Nothing but the lines from the one containing "玩家达到80级就可以开放竞技" through the last line of the material should appear in the answer, transcribed exactly, pictures excluded.

Given material |
Start of Block
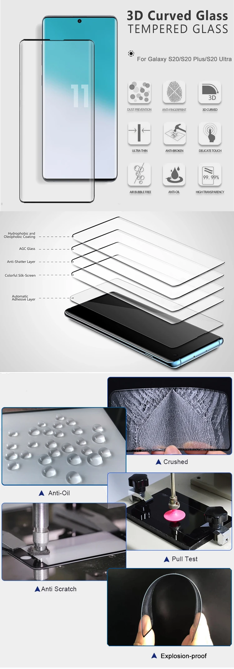 | 1 | Model | 3D Curved Tempered glass screen protector For Galaxy S20/S20 Plus |
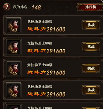 玩家达到80级就可以开放竞技场了,来这里不断挑战前面的对手,提升自己的竞技场名次吧,无上的荣耀,丰厚的奖励,通通都在等着你哦。
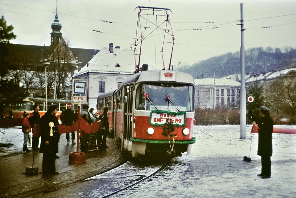Výzdoba tramvaje pro zvláštní jízdu SSM (Socialistický svaz mládeže), zřejmě při příležitosti některého komunistického svátku.
End of Block
Expected output |
 玩家达到80级就可以开放竞技场了,来这里不断挑战前面的对手,提升自己的竞技场名次吧,无上的荣耀,丰厚的奖励,通通都在等着你哦。
Výzdoba tramvaje pro zvláštní jízdu SSM (Socialistický svaz mládeže), zřejmě při příležitosti některého komunistického svátku.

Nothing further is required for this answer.